Brexit again…? Of course!


Sterling kicked off the week as the weakest of the G10 currencies amid reports that Prime Minister Theresa May had cancelled plans for an emergency cabinet meeting today to approve a Brexit deal in the face of strong opposition from her own cabinet and the EU. Negotiations are ongoing, however if there is no progress by mid-week, the European summit cannot proceed. Should an agreement be in place by late Wednesday, the summit can move ahead which will allow for the publication of the UK’s withdrawal agreement from the EU.

GBP/USD dropped lower this morning and touched a seven-session low of 1.2841. Brexit woes weighed although US Dollar strength, driven by last week’s expectation of another interest rate hike in December by the Federal Reserve, will have compounded it. Positive remarks from the EU’s chief negotiator, Michel Barnier, have supported the Pound this afternoon.

A busy week of macro data with labour market indicators out tomorrow, CPI on Wednesday and retail sales on Thursday.


The US Dollar started this week firmly on the front foot with the Dollar Index surpassing the 97 level with relative ease and rising to its best level since June 2017 at 97.58. Last week’s FOMC statement continues to provide support while the Greenback also benefitted from heavy losses in other major currencies.

Looking ahead, CPI data is due on Wednesday, retail sales and import prices on Thursday and industrial production on Friday.


The Euro softened last week weighed by a combination of Italian budget concerns and soft macro data; the European Commission rejected Italy’s 2019 budget last month, saying it flouted a previous commitment to lower the country’s deficit.

EUR/USD had touched 1.15 on Wednesday but fell thereafter with further losses seen this morning on the back of a broad dollar rally with the pair reaching its lowest level since June 2017 at 1.1240.

Looking ahead, German ZEW and CPI data are due tomorrow, Euro Zone GDP and industrial production on Wednesday and Euro Zone CPI on Friday.


The Japanese Yen continues to be driven by broader risk sentiment rather than domestic factors and has strengthened this morning as equities declined. USD/JPY remains elevated however with the pair trading above 114 this morning.

Q3 GDP figures are out tomorrow followed by industrial production on Wednesday.


USD/CHF hit its highest level since April 2017 this morning at 1.0105 although EUR/CHF is down at a two-week low of 1.1352.

Some attention was paid to SNB talk last week from Governor Jordan and Board Member Maechler who both maintained that interventions remains a necessary tool.

A quiet week for data with only PPI out tomorrow.

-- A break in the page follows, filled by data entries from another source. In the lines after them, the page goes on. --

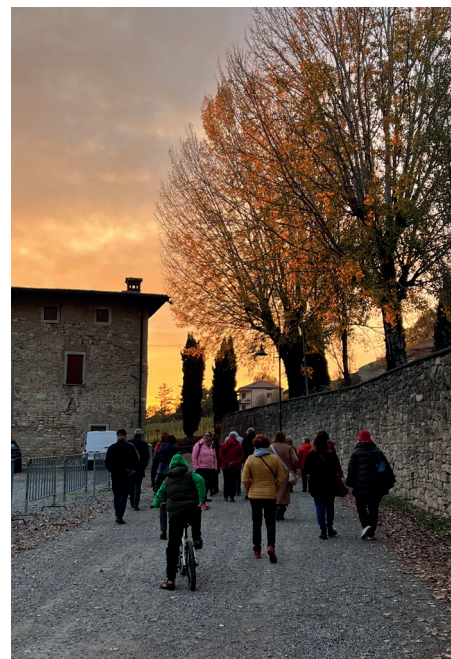
Via G. B. Camozzi, Verso Cascina Fui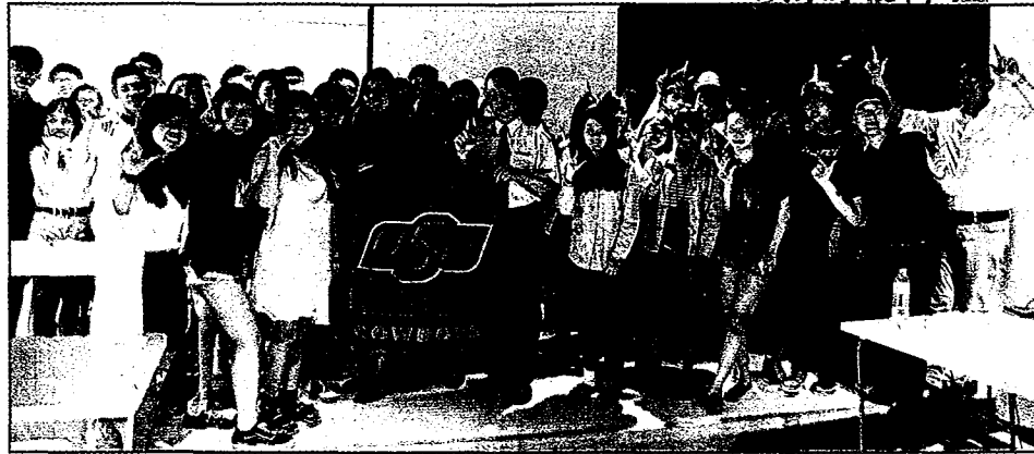
大葉與美國奧克拉荷馬大學「雙學聯制」合作，只要在台灣和美國各讀二年，完成修業規定就同時取得兩國大學學歷。（記者周為政攝）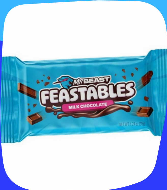
mr beast chocolate $15.000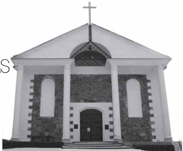
Kiaunorių bažnyčia (Kelmės r.).

Tai buvo architektas, „aistringai, beatodairiškai, scholastiškai mylėjęs architektūrą, patį kūrybos procesą.“ Gyvenime tai buvo „ryškus individualistas, kūrybinis lyderis ir idėjų generatorius. Sunikiai adaptuodavosi kolektyvinėje kūryboje, neretai ir dėl savo begalinio darbštumo. Visur, kur matydavo, jo nuomone, netobulus sprendimus, įkyriai „išdavo“ su savo pasiūlymais“. Taip Anapilin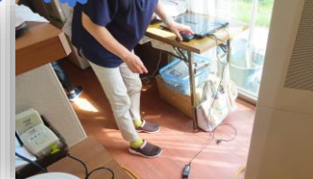
停電に備えて非常用発電機の使用訓練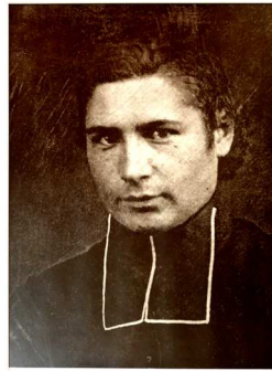
SAINT THÉOPHANE VÉNARD 1829-1861

Jean-Théophane Vénard est né à Saint-Loup-sur-Thouet (79) en 1829. Après le Petit Séminaire à Montmorillon et le Grand Séminaire à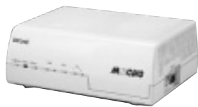
フレックスホン、ボイスワープなどにも対応

問い合わせ 古河電気工業(株)営業本部電子機器営業部 TEL 03-3286-3116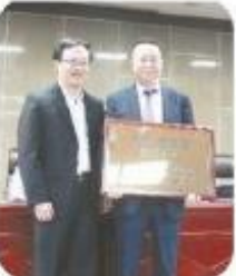
嘉信市第一人民医院院长、党委书记、副院长等参加引进仪式

海扶刀手术,即超声聚焦热消融术,是一种微创治疗子宫肌瘤的方法。它通过聚焦超声波能量,精准地作用于肌瘤组织,使其凝固坏死,从而达到治疗的目的。与传统手术相比,海扶刀具有创伤小、恢复快、无疤痕等优点,深受广大患者的青睐。海扶刀手术适用于各种类型的子宫肌瘤,特别是那些不适合手术切除的患者。通过海扶刀治疗,患者可以在较短的时间内恢复健康,且不会影响正常的月经周期和生育功能。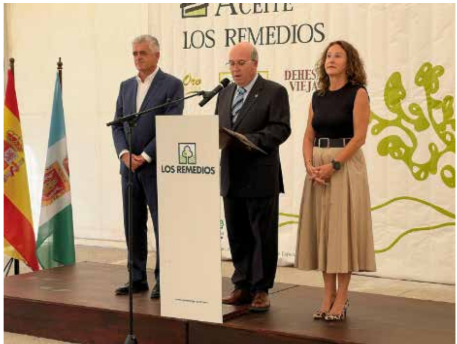
El padrino de este año es un habitual de la televisión autonómica andaluza

Durante estos años la Cooperativa ha ido diversificando sus actividades industriales gestionando además, una almazara ubicada en el municipio de Olvera,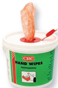
TOALLITAS Toallitas limpiadoras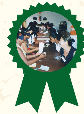
Prêmio Betinho de Cidadania e Democracia

The RBA left the Cash Rate Target unchanged last Tuesday at 1.50% but did nudge up their growth forecasts which provided a small lift to the Aussie Dollar. AUD/USD topped out at a six-week high of 0.7304 on Thursday but fell into the weekend as oil prices also declined. The pair is just about holding onto the 0.72 handle as we write having dropped below in earlier trade.

NAB confidence indicators are out tomorrow, wages on Wednesday and employment data on Thursday.


The Canadian Dollar fell into the weekend, pressured by tumbling oil prices with USD/CAD jumping to a fresh 16-week high on Friday at 1.3233. Reports that a US Federal Judge had blocked the Keystone XL pipeline also weighed.

Data releases are sparse this week – ADP employment is due on Thursday followed by manufacturing sales on Friday.


The RBNZ left the OCR unchanged on Thursday at 1.75% while Governor Orr maintained that they are not taking the option of a rate increase off the table despite a more upbeat assessment. Reaction in the Kiwi was limited meanwhile although we had seen gains in the prior session on the back of stronger-than-expected jobs data.

NZD/USD topped out at a 14-week high of 0.6820 on Wednesday but has pulled back towards the 0.67 level.

This week brings food prices tomorrow and PMI on Friday.


The Swedish Krona strengthened last week on the back of hawkish central bank rhetoric with Governor Ingves reiterating on Thursday that he expects to begin raising rates at some point over the next few months in either December or February.

EUR/SEK bottomed out on Thursday at a fifteen-week low of 10.2455 before finding support.

Wednesday’s CPI data will be the main focus for investors and could give clues as to whether the Riksbank will move in December or February.


The Norwegian Krone has kicked off the trading week on the front foot, supported by solid gains in the oil markets although the upside has only reversed Friday’s CPI inspired drop.

EUR/NOK rose to a six-week high of 9.5317 after the data but has slipped back below 9.54.

Q3 GDP figures are out tomorrow while trade figures follow on Thursday.